Das Einzige, womit Russland noch eskalieren könne, sei eine Mobilmachung, sagte Stubb. Es sei wahrscheinlich, dass diese im Herbst komme. Aktuell verliere die russische Armee monatlich zwischen 30.000 und 35.000 Soldaten. Es würden aber nur 27.000 neue rekrutiert. „Sie haben also immer weniger Soldaten in einer immer komplizierteren Lage.“ Das mache auch einen Angriff auf ein weiteres Land äußerst unwahrscheinlich: „Dass sie jetzt plötzlich Kräfte für zwei Fronten mobilisieren könnten – das sehe ich einfach nicht.“
Stubb sagte, man sollte niemals unterschätzen, „wie viel wirtschaftliche Härte die Russen ertragen können“. Weder die Inflation, die Bankenkrise, das Zinsniveau noch die hohen Verluste russischer Soldaten würden den Krieg beenden. Was aber zu einem Ende führen könne, wäre, „wenn sie das Gefühl bekommen, dass das derzeitige Regime bedroht ist“, so Stubb. Russland müsse also zu dem Schluss kommen, dass es für das Regime keinen Vorteil mehr bringe, den Krieg fortzusetzen. Dann müsse Moskau nur noch klären, wie es seinen eigenen Sieg definiere.
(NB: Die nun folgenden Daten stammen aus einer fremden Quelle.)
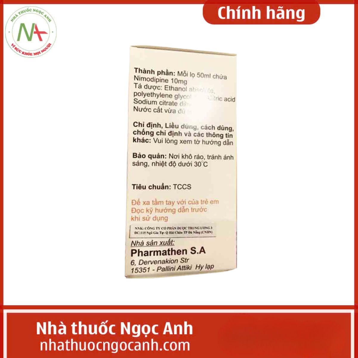- Hoạt chất: Nimodipine hàm lượng 10mg/50ml.

Die Ukraine hingegen sei derzeit in einer stärkeren und besseren Position als zu jedem anderen Zeitpunkt dieses Krieges. Das gelte militärisch, politisch und finanziell. „Die Ukraine hat die Oberhand und sie wird diesen Krieg gewinnen“, sagte Stubb. Ein Sieg sei, „wenn man überlebt, wenn man unabhängig bleibt, wenn man ein souveräner Staat bleibt“.